Mehrdad Ehsani


A Global Perspective on Sustainable Energy and Transportation
There is plenty of hydro-carbon energy available on earth, for hundreds of years. The urgency of sustainable energy and sustainable transportation technologies is due to population growth, global warming, and equitable access to energy for all humanity. The way forward is to help the developing world (90% of population that dominates the future emissions) with “clean” energy and transportation, rather than making the developed world clean (the 10% solution). The developed world can be more effective by improving its energy efficiency by 50%, in the near future. This has to be done by appropriate technologies, consistent with sound business plans, and market based economy. This presentation offers the engineering and economic foundations of the above proposition. Case studies and example technologies from the author’s group at Texas A&M University will be presented as specific illustrations.

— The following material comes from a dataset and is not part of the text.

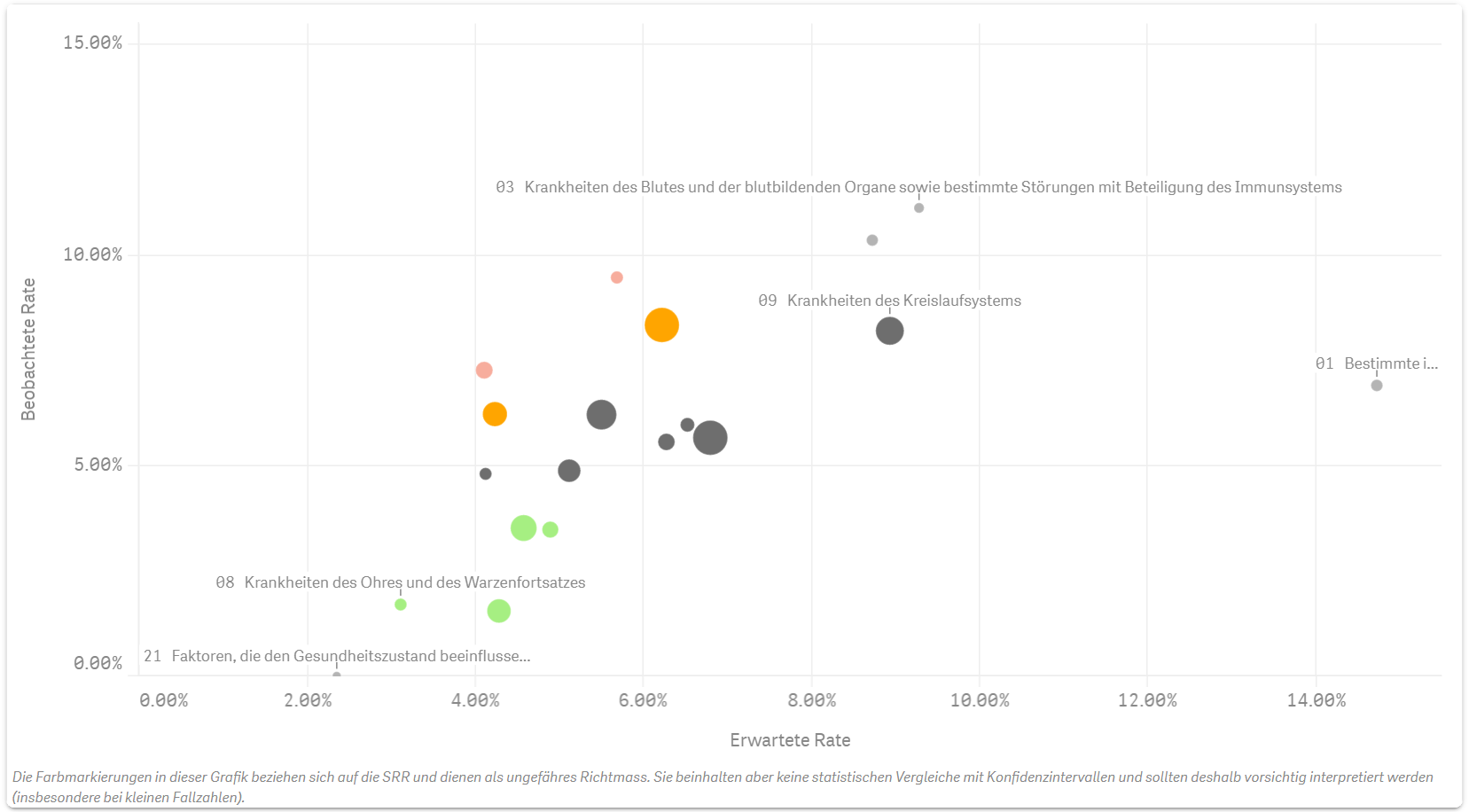 Im Punkt-Diagramm wird die Verteilung gemäss der gewählten Dimension und der Kennzahlen der erwarteten und beobachteten Rate (auf der X- und Y-Achse) dargestellt. Ausreisser können schnell erkannt werden. Die Einfärbung der Punkte bezieht sich auf die Kennzahl SRR (vgl. hierzu auch die Ausführungen im Kapitel 4 des Handbuchs «Ungeplante Rehospitalisationen»). Folgende Angaben finden sich im Diagramm: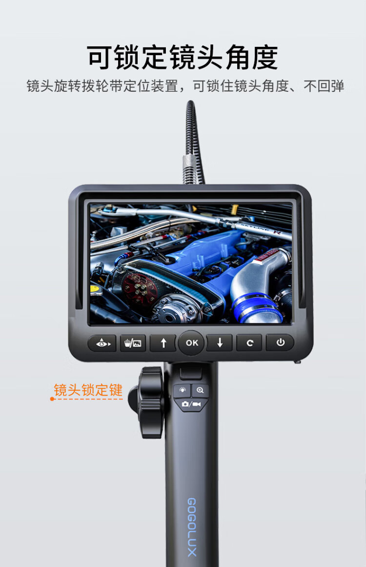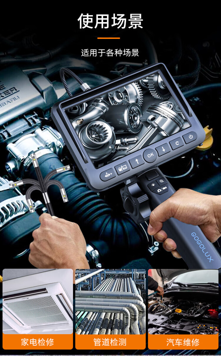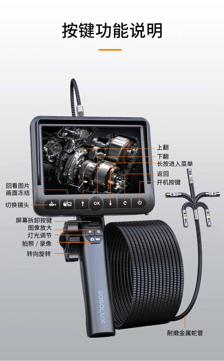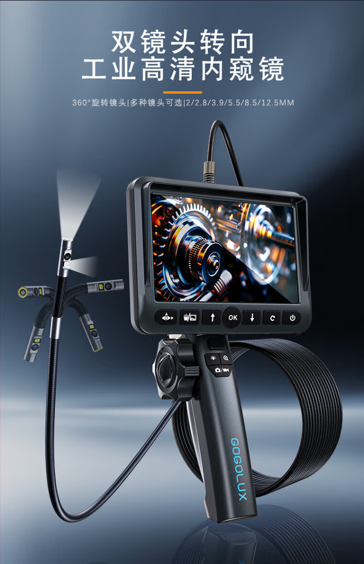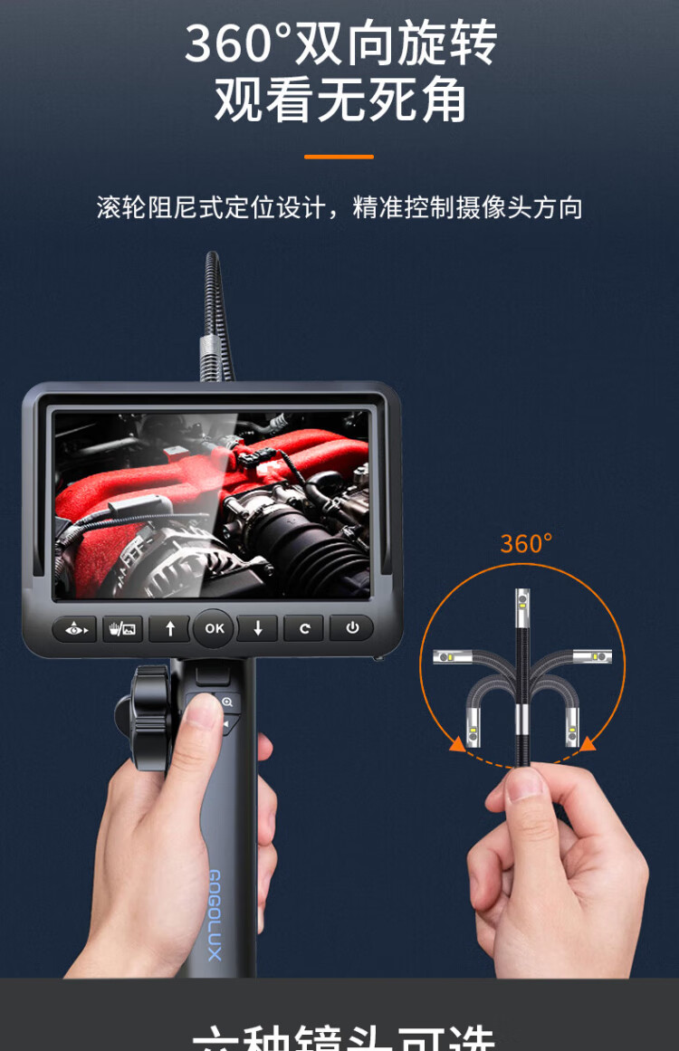 Gugao Lusen 360-degree rotating industrial endoscope HD camera car maintenance pipeline engine inspection GL-500L non-steering lens 2mm + snake tube 1 meter

Distributed Energy Storage for Wind Farms
This talk introduces the technology of transgenerator for distributed kinetic energy storage in wind farms. The transgenerator is a dual mechanical port (DMP) machine with two rotating members. This generator allows a flywheel to be connected to the generator directly and efficiently, enabling kinetic energy transfer between a wind turbine and a flywheel. This design also makes the system more compact. Further, this technology makes energy storage distributed, which increases the system overall reliability and stability.
On the Lifetime Emissions of Conventional, Hybrid and Electric Vehicles
Electric vehicles (EVs) are believed to be a good alternative to conventional internal combustion engine vehicles (ICEVs) to eliminate tailpipe CO2 emissions. However, they usually have considerably higher initial manufacturing pollution than IC engine vehicles, which will lead to a significant increase in their lifetime CO2 emissions. Hybrid electric vehicles (HEVs) are traditionally considered to have CO2 emissions between EVs and ICEVs. Previous research on emission comparisons among these vehicle types were confined to individual countries or regions. This paper makes worldwide evaluations of lifetime CO2 emissions of the 2020 Chevrolet Bolt EV, an example commercially available EV, and compares it globally with an ICEV and two types of HEVs. All the vehicles have at least the same vehicle performance as the Chevrolet Bolt EV. The results show that HEVs with dynamic programming optimization can have less worldwide lifetime emissions than both comparable EVs and IC engine vehicles without the sacrifice of vehicle performance.